Well potentially yes. If you use run length encoding, you could write (say) an addition algorithm, that takes the "runs" into account. For instance:

     10000000000000001
    +10000000000000001
  • Add the leftmost pairs of digits

                    10
    
  • Add the matching runs of zeros

      0000000000000010
    
  • Add the MSBs

    100000000000000010
    

And then you could build up the more complicated operations from that.

The advantage of this approach (if you can pull it off) is that for suitable inputs it will reduce the complexity of the computation. For example addition is now better than O(N). (I think it should actually be proportional to the size of the run-length encoded representation ...)

But once again, this makes the operations more complicated, and will only be effective if the average length of the runs is large enough to compensate. For numbers that don't compress well enough it will be an anti-optimization.


In summary:

  1. The viability of this approach depends on how compressible the actual numbers are.

  2. It is doubtful that this is a viable approach in a general purpose "big number" library (like GMP). Typical big numbers that we encounter in a numeric context are not sufficiently compressible ... in a way that would help. And if compression doesn't help it probably hinders.

  3. This may be viable in a special purpose "big number" library, provided such a library existed. Under the right circumstances, the compressed arithmetic should have better complexity than ordinary bignum arithmetic.




回答2:


By design, yes. It will try to store and operate on any number you give, though in many cases problems similar to yours will become unreasonable.

Actually, there are limits set by the operating system and computer hardware.

2^2^96 takes 2^96 bits to represent in the best uncompressed case. This equates to a mere 9,904,000,000,000,000 terabytes. Your computer cannot store that much data. In addition, can only index an array up to roughly 4 billion, not enough to manage this giant heap of data. To address each of these bits, we require a 4-billion-entry array of 4-billion-entry-array of 4-billion entry arrays. I'm not totally sure that's even allowed since the total elements are greater than 4 billion.

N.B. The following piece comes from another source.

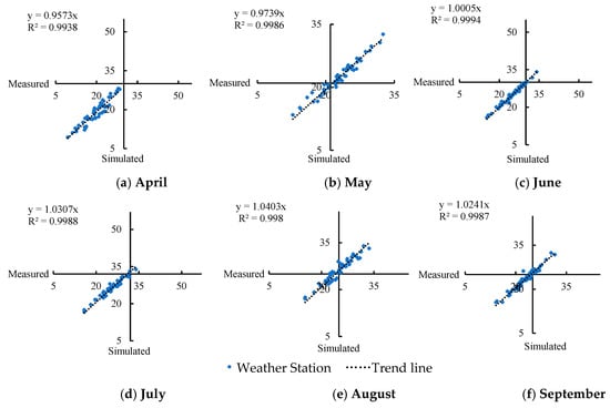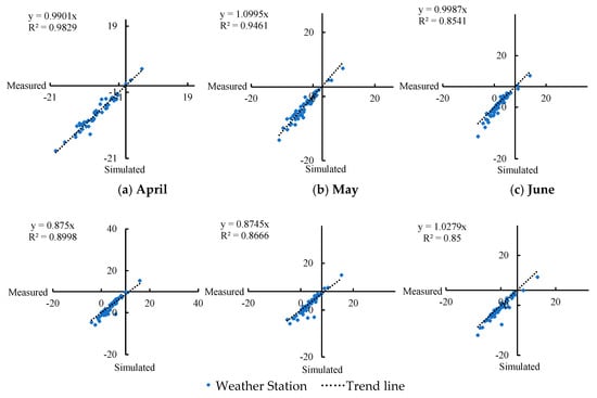 Figure 4. Scatter chart of monthly measured-simulated maximum temperature from April to September. (a) April max temperature not exceed 30 °C; (b) May max temperature not exceed 21 °C; (c) June max temperature not exceed 30 °C; (d) July max temperature not exceed 32 °C; (e) August max temperature not exceed 25 °C; (f) September max temperature not exceed 25 °C. Note: the first quadrant refers to the meteorological stations that may have extreme high temperatures affecting the yield during the growth period of highland barley.

Anyway, your heap would max out at 4 GB on a 32-bit JVM. On that note, even if you could store so many bits, and you did your operation at 4 GB/sec, it would take 78,460,000,000 years.

Even if the numbers could be compressed(they must be decompressed somewhat) for operations, you still need to take into account that the Kolmogrov complexity of 9 billion terabytes of data is not likely going to be less than an entire terabyte for real-world numbers.




回答3:


While there are no limits at the mpn level, the size of an mpz_t is represented by an int, which is a 32-bit type on all platforms (at least those supported by GMP); see Integer Internals in the GMP manual. This implies that there is a limit of 2^37 bits on 64-bit platforms (an mpz_t integer will have fewer than 2^31 limbs of 64 = 2^6 bits).

Note: This limit of 2^37 bits has been mentioned by Torbjörn Granlund in April 2012 in the gmp-discuss list.